→ Information supplied:

*-*-*

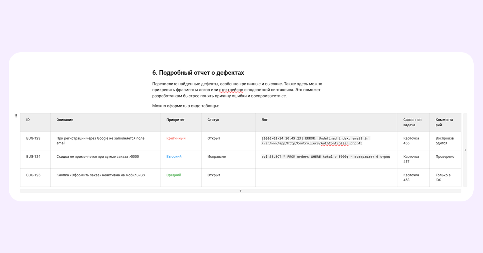 - Вставка кода с подсветкой синтаксиса. Вставляйте в отчет заметные фрагменты кода: логи ошибок, стектрейсы, примеры автотестов или SQL-запросы.
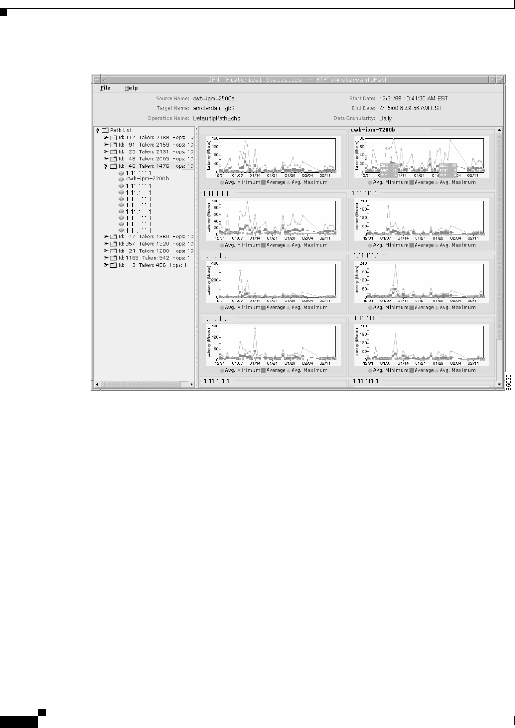 Figure 3-15 IP Path Echo Historical Statistics Window—All Hops in a Path
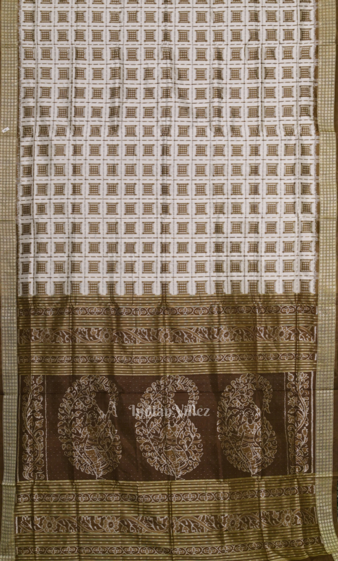 White Brown Ashwini Odisha Ikat Sambalpuri Silk Saree
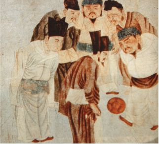 到唐代,蹴鞠有了新的發展。一是出現了“寒食蹴鞠”的民間習俗。每年在寒食節(清明前一天),百姓愛以蹴鞠消閒,個人踢球自娛。對此詩句中有“寒食近,蹴鞠鞦韆,又是無限遊人”,可見蹴鞠和鞦韆是當時人氣最旺的運動項目。二是蹴鞠用的球也有了變化。“八片尖裁浪作球”,兩片皮製的充毛蹴鞠演變為用八片尖皮製的充氣蹴鞠,裏面有球膽,“以胞(動物的尿胞)為裏,噓氣閉而蹴之”。三是漢代的雙球門到唐代演化為單球門(稱為“風流眼”),而且球門被提高,架在三丈高的空中,大小隻有一尺左右,四周有球網。要將球踢進既高又小的球門難度不小。出現這一變化的原因主要是因為這時蹴鞠已由軍事訓練項目演變為娛樂活動,主要供人觀賞,這就要講究技巧。再則充氣球有彈性,便於踢高。存世的《蹴鞠圖譜》對這種單球門比賽有具體的描述:開球先由球頭(隊長)踢起,經過幾腳傳遞再傳給球頭用膝射門,射過球門後對方接住,經過幾次傳遞,再由對方的球頭射門。如果一方射門不進,球撞在網上掉下來,只要不落地,可由守門人接住繼續踢。球員都站在規定的位置上,位於場地正中的球門把雙方分開,與今天的排球比賽規則有幾分相似,但沒有了身體的接觸和碰撞,也就減少了運動的競爭性。

*-*-*

→ Exercise description:
Every line between the start of the listing and the line containing "White Brown Ashwini", both ends counted, needs to be printed exactly, minus the pictures.

→ Task solution:
 - Вставка кода с подсветкой синтаксиса. Вставляйте в отчет заметные фрагменты кода: логи ошибок, стектрейсы, примеры автотестов или SQL-запросы.
 Figure 3-15 IP Path Echo Historical Statistics Window—All Hops in a Path
 White Brown Ashwini Odisha Ikat Sambalpuri Silk Saree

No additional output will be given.